> What you should do
Given the entries below, would you transcribe exactly the lines starting at the one with "一遍过七年级下册 语文数学英语政治历史地理生物人教版七年级下册上册同步训练练习 初中一遍过七下" and ending at the one with "Wiklinowy wózek dla", both kept, pictures omitted, nothing extra?

> Study material
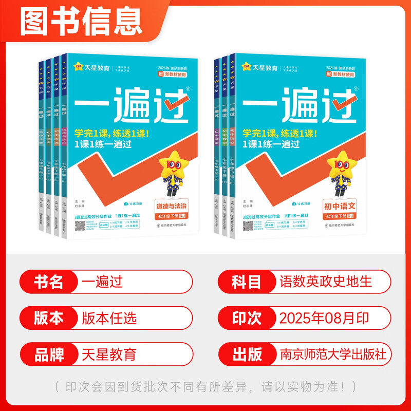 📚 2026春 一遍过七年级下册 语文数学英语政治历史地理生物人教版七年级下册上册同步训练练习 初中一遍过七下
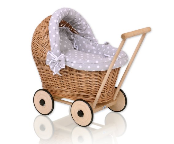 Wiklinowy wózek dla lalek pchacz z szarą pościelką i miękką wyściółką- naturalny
...
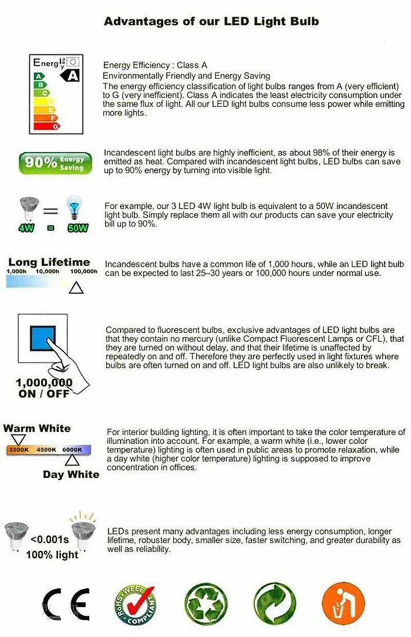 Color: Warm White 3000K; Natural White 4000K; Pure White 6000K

> Reply to the task
 📚 2026春 一遍过七年级下册 语文数学英语政治历史地理生物人教版七年级下册上册同步训练练习 初中一遍过七下
 Wiklinowy wózek dla lalek pchacz z szarą pościelką i miękką wyściółką- naturalny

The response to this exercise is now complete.